Today I’m revealing a not-so-secret truth about myself: I love books in series. I also love books that stand alone, of course, but isn’t it great when you reach the last page of a wonderful book, only to discover that there’s another wonderful book where that came from? Another book set in the same world, possibly featuring the same characters, possibly even picking up where that first book left off? Some books don’t demand sequels or companion novels—they’re strongest on their own—but other stories pull us into their worlds and refuse to let us go, compelling us to stand in line at our local bookstore at midnight to get our desperate little hands on the next book in the series.

It’s true that I’m a little bit biased when it comes to series: My 2013 debut is the first novel in a planned trilogy. But my love of series books began long before my book deal. In my elementary school library, I checked out all of James Marshall’s Fox easy readers and read every Bobbsey Twins mystery I could find. After that, I found the Little House books, and the Alice books, and the Wayside School books, and (much later, not in my elementary school library) the Millennium Trilogy…. I could keep listing favorite series, but my hands would cramp up before I came anywhere close to telling you abou t all the books I love. Instead, though it kills me to be so selective, I’ll share with you three ongoing series I can’t wait to finish and three classic series you shouldn’t miss.

Three Ongoing Series I Can’t Wait to Finish:

1. The Montmaray Journals by Michelle Cooper
This historical YA trilogy by Australian writer Michelle Cooper follows the FitzOsborne family—royal teenagers from the imaginary island kingdom of Montmaray—as they cope with adventure, politics, and romance at the outset of World War II. The first two books, A Brief History of Montmaray and The FitzOsbornes in Exile, are out now in the US, and the final book,The FitzOsbornes at War, comes out here in October. Fans of I Capture the Castle will love the main character, Sophie, and her friendly narrative style.

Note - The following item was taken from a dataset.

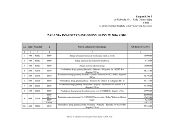 Załącznik Nr 3 do Uchwały Nr ... Rady Gminy Sejny z dnia … w sprawie zmian budżetu Gminy Sejny na 2016 rok ZADANIA INWESTYCYJNE GMINY SEJNY W 2016 ROKU L.p. Dział Rozdział § Nazwa zadania inwestycyjnego Rok budżetowy 2016 6 1 2 3 4 5 1. 400 40002 6060 Zakup oprogramowania do rozliczania opłat za wodę 18 000,00 2. 400 40002 6060 Zakup sprężarki do hydroforni Burbiszki 9 120,00 3. 400 40002 6060 Zakup zestawu inkasenckiego 12 000,00 4. 600 60016 6050 5. 600 60016 6050 6. 600 60016 6050 Przebudowa drogi gminnej Bosse - Pomorze Nr 102273 B o długości 557 m 39 134,00 7. 600 60016 6050 Przebudowa drogi gminnej Dziedziule - Klejwy - Michnowce Nr 101741 B o długości 550 m 75 109,00 8. 600 60016 6050 Przebudowa drogi gminnej Gryszkańce przez wieś Nr 102222 B o długości 630 m 83 992,00 Przebudowa drogi gminnej Nr 102244 B Dworczysko - Hołny Wolmera, Gmina Sejny 20 000,00 12 679,00 7 248,00 39 927,00 Przebudowa drogi gminnej Hołny Wolmera - Podlaski - Berżniki Nr 102247 B o długości 730 m 97 324,00 9. 600 60016 6050 6057 6059 Razem 10. 600 60016 6050 Przebudowa drogi gminnej Berżniki - Dubowo - Wigrańce Nr 102237 B o długości 709 m Przebudowa drogi gminnej Berżniki - Granica Państwa Nr 102250 B o długości 300 m ~Strona 1 ~Zadania inwestycyjne Gminy Sejny w 2016 roku 54 335,00 32 198,00 L.p. Dział Rozdział § Nazwa zadania inwestycyjnego Rok budżetowy 2016 6 1 2 3 4 5 11. 600 60016 6050 Przebudowa drogi gminnej Jodeliszki - Jenorajście Nr 102228 B o długości 600 m 79 993,00 12. 600 60016 6050 Przebudowa drogi gminnej Kielczany przez wieś Nr 102270 B o długości 206 m 13 201,00 13. 600 60016 6050 Przebudowa drogi gminnej Krejwińce przez wieś Nr 102281 B o długości 1 380 m 183 983,00 14. 600 60016 6050 Przebudowa drogi gminnej Nowosady - Bubele Nr 102221 B o długości 602 m 41 628,00 15. 600 60016 6050 Przebudowa drogi gminnej Posejny - Posejanka Nr 102261 B o długości 511 m 37 626,00 16. 600 60016 6050 Przebudowa drogi gminnej Żegary - Krasnogruda Nr 102236 B o długości 590 m 42 446,00 17. 600 60016 6050 Przebudowa drogi gminnej Żłobin - Sumowo Nr 102050 B o długości 457 m 33 278,00 18. 600 60017 6050 Przebudowa drogi wewnętrznej Krasnogruda przez wieś o długości 450 m 32 370,00 19. 600 60017 6050 Przebudowa drogi wewnętrznej Sumowo przez wieś o długości 595 m 43 746,00 20. 801 80101 6050 Termomodernizacja Szkoły Podstawowej w Krasnowie 50 000,00 Termomodernizacja budynku Szkoły Podstawowej w Poćkunach w Gminie Sejny 100 000,00 354 448,00 283 368,00 737 816,00 21. 801 80101 6050 6057 6059 Razem 22. 801 80113 6060 Zakup autokaru 131 000,00 23. 900 90095 6050 Zakup i montaż pieca c.o. w kotłowni przy Urzędzie Gminy Sejny 23 000,00 24. 921 92109 6050 Termomodernizacja Domu Kultury w Berżnikach 50 000,00 OGÓŁEM: ~Strona 2 ~Zadania inwestycyjne Gminy Sejny w 2016 roku 1 961 226,00

2. The Penderwicks by Jeanne Birdsall
I’m cheating a little here, because this brilliant and sweet middle grade series about a family of four sisters is partially a homage to another favorite series of mine, the magical adventures by Edward Eager. The three books about the Penderwicks don’t  have magic, but they do have spunky characters, humor, and plenty of good old-fashioned coziness. According to Jeanne Birdsall’s website, there will be 5 Penderwicks books in all.

3. The Cahill Witch Chronicles by Jessica Spotswood
We interviewed Apocalypsie Jessica Spotswood a few months ago when her debut novel, Born Wicked, came out, and I’m already dying for the next book in the series. I’m guessing that, like their predecessor, the sequels will involve witchcraft, fancy dresses, and True Love. Hurry up and get here, 2013, so I can find out what happens next!

Three Classic Series You Shouldn’t Miss:

1. The Hall Family Chronicles by Jane Langton
How is this series out of print? The Diamond in the Window and its sequels are fun fantasy adventures that were some of my favorites growing up. I hope you’ll be able to find them in your library or at used bookstores if you haven’t read them yet.

2. Anastasia Krupnik by Lois Lowry
The Anastasia books are some of the funniest I’ve read, and I wish I lived next door to the Krupnik family. Anastasia pretends to own a sloop, color-codes her gerbils’ heads, accidentally signs up for tap-dancing lessons, dyes herself purple… you get the idea. Lots of people love Lois Lowry for The Giver and Number the Stars—and rightfully so—but her Anastasia series will always be my favorite.

3. The Enchanted Forest Chronicles by Patricia C. Wrede
Patricia C. Wrede has written many series, and all of them are fantastic, but if I absolutely had to pick a favorite, I think I’d pick this one. The first book, Dealing with Dragons, introduces us to Princess Cimorene, who runs away from her boring kingdom and horrible suitors to become assistant and chef to the dragon Kazul. The four books in the series are perfect for anyone who likes to laugh, or for anyone who likes to eat Cherries Jubilee.

If you’ve read any of these series, or if you have a favorite series of your own to recommend, please let me know in the comments.